3. `[a * 10 for a in range(10)]`: This is the list comprehension itself. It's a compact way of creating a new list by performing an operation on each element in a sequence. In this case, it's creating a new list where each element is the result of multiplying the corresponding element in the original sequence by 10.

So, the whole expression `[a * 10 for a in range(10)]` is equivalent to `[0, 10, 20, 30, 40, 50, 60, 70, 80, 90]`.

"""

predicted_dataset = [
    {
        "question": OPENSOURCE_PROMPT,
        "answer": answer
    }
]

predictions = [
    {
        "result": result
    }
]

In [None]:
grade_model_answer(predicted_dataset, predictions)

[{'results': 'Relevance:\n- The generated code correctly identifies that the provided code is a list comprehension in Python.\n- It correctly explains that a list comprehension is a compact way of creating a list in Python.\n- It correctly explains that the code is multiplying each number in the range by 10.\n\nConciseness:\n- The generated code provides a step-by-step breakdown of what the code does.\n- It explains the operation being performed on each element in the range.\n- It explains the loop that goes through each number in the range.\n- It explains the list comprehension itself and how it creates a new list.\n\nCorrectness:\n- The generated code correctly explains the purpose and functionality of the code.\n- It correctly explains that the code generates a new list by multiplying each number from 0 to 9 by 10.\n- It correctly provides the resulting list as `[0, 10, 20, 30, 40, 50, 60, 70, 80, 90]`.\n\nBased on the above analysis, the submission meets all the criteria and is cor


### Insights from Model-based Evaluation
The insights table summarizes the benefits and considerations observed from using model-based evaluation.

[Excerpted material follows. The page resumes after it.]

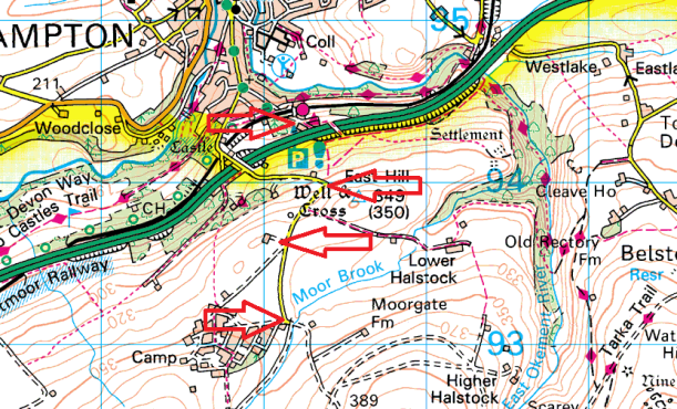 This section of parking spots centre around East Hill. These spots are reached before you get on to the moor proper and before you get to the Okehampton Camp. There are 4 areas here, one is a proper car park on the edge of Okehampton, the two others are roadside and the final one a rough car park by the road.

Key points include:


| Insight                        | Description                                                                                          |
|--------------------------------|------------------------------------------------------------------------------------------------------|
| LLM-as-a-Judge Efficiency      | Utilizing LLMs as judges is nearly as effective as human evaluations.                                |
| Cost Efficiency with GPT-3.5   | GPT-3.5 has been shown to be a cost-effective alternative for judging model output.                  |
| Grading Scale Precision        | Lower-precision grading scales tend to be more beneficial for consistency and interpretation.        |
| Specific Benchmarks for RAG    | It's important to use relevant benchmarks when evaluating models for RAG applications.               |




## Part 6: Bring it all together

In this section you will bring together the results of the previous parts in to single dataset.

In [None]:
from pandas import DataFrame

def evaluate_generated_dataset(sample):
    """ Evaluate the dataset for toxicity """
    # TODO: CODE HERE
    # 1. get code out of the sample
    code = ""
    # 2. call the evaluation functions
    gpt35_explanation = openai_infer(code)
    opensource_explanation = opensource_infer(code)
    # 3. log the metrics to a dataframe
    gpt35_metrics = compute_text_metrics(gpt35_explanation)
    opensource_metrics = compute_text_metrics(opensource_explanation)
    # 4. add more metrics if you wish
    # 5. create a dictionary of results to return
    return {
        "opensource_explanation" : "",
        "gpt3.5_explanation" : ""
    }

In [None]:
# test the function above

from datasets import load_dataset

ds = load_dataset("codeparrot/github-code", streaming=True, split="train")

evaluated_dataset = ds.take(1).map(evaluate_generated_dataset, input_columns="code")

# The End 💐

That's all for this project. Well done on getting so far.

If you have any time left, I would encourage you to experiment with the code in this notebook and see if you can expand on the evaluation here.